◆ **REQUIRED WORK**: For this task, copy all of the data below exactly and skip the pictures.

◆ **DATASET SECTION**:
----------------

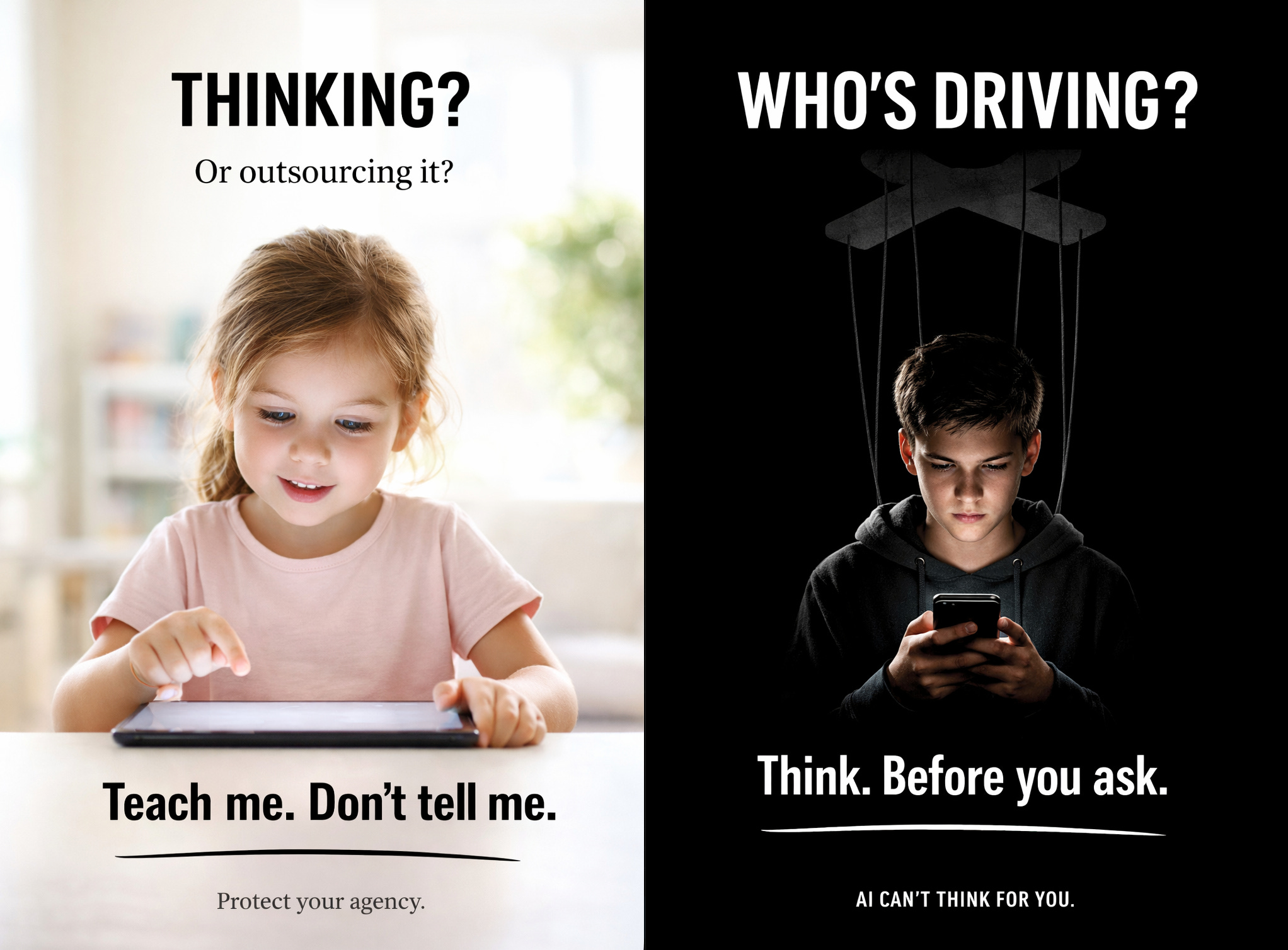 Two kids. Two instincts about where to stand relative to the machine. One is learning to ask for the teaching. The other wants to be informed. Neither wants to be replaced — but they’re negotiating the boundary differently, in real time, at the kitchen table, over homework.
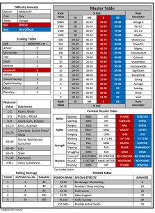 Tired of flipping around in the book to find out how much damage a character takes when falling? Need to know the Material Value of the brick wall that character is about to smash through? Look no further! The 4C Expanded GM Screen has everything you need all in one convenient spot! This 3 page¸ no frills GM screen will help you keep the action flowing during those intense battles¸ when stopping to find the right table would totally derail the whole thing. Print it out on some heavy card stock and grab some Scotch Tape and you're good to go!
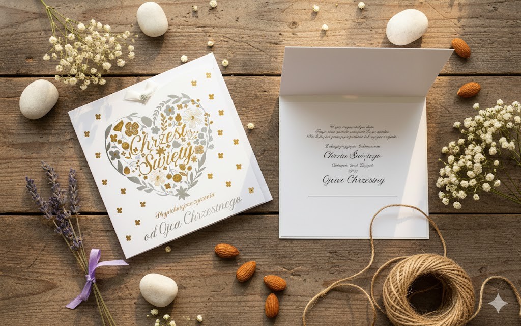 Karnet na Chrzest Święty od Ojca Chrzestnego – pamiątkowa kartka premium
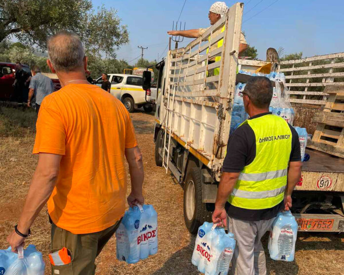 Δημοτικοί υπάλληλοι του τμήματος Περιβάλλοντος και εθελοντές της Πολιτικής Προστασίας Αλίμου, βρέθηκαν στα μέτωπα της πυρκαγιάς και παρέδωσαν μεγάλη ποσότητα εμφιαλωμένων νερών

----------------

◆ **RESULT**:
 Two kids. Two instincts about where to stand relative to the machine. One is learning to ask for the teaching. The other wants to be informed. Neither wants to be replaced — but they’re negotiating the boundary differently, in real time, at the kitchen table, over homework.
 Tired of flipping around in the book to find out how much damage a character takes when falling? Need to know the Material Value of the brick wall that character is about to smash through? Look no further! The 4C Expanded GM Screen has everything you need all in one convenient spot! This 3 page¸ no frills GM screen will help you keep the action flowing during those intense battles¸ when stopping to find the right table would totally derail the whole thing. Print it out on some heavy card stock and grab some Scotch Tape and you're good to go!
 Karnet na Chrzest Święty od Ojca Chrzestnego – pamiątkowa kartka premium
 Δημοτικοί υπάλληλοι του τμήματος Περιβάλλοντος και εθελοντές της Πολιτικής Προστασίας Αλίμου, βρέθηκαν στα μέτωπα της πυρκαγιάς και παρέδωσαν μεγάλη ποσότητα εμφιαλωμένων νερών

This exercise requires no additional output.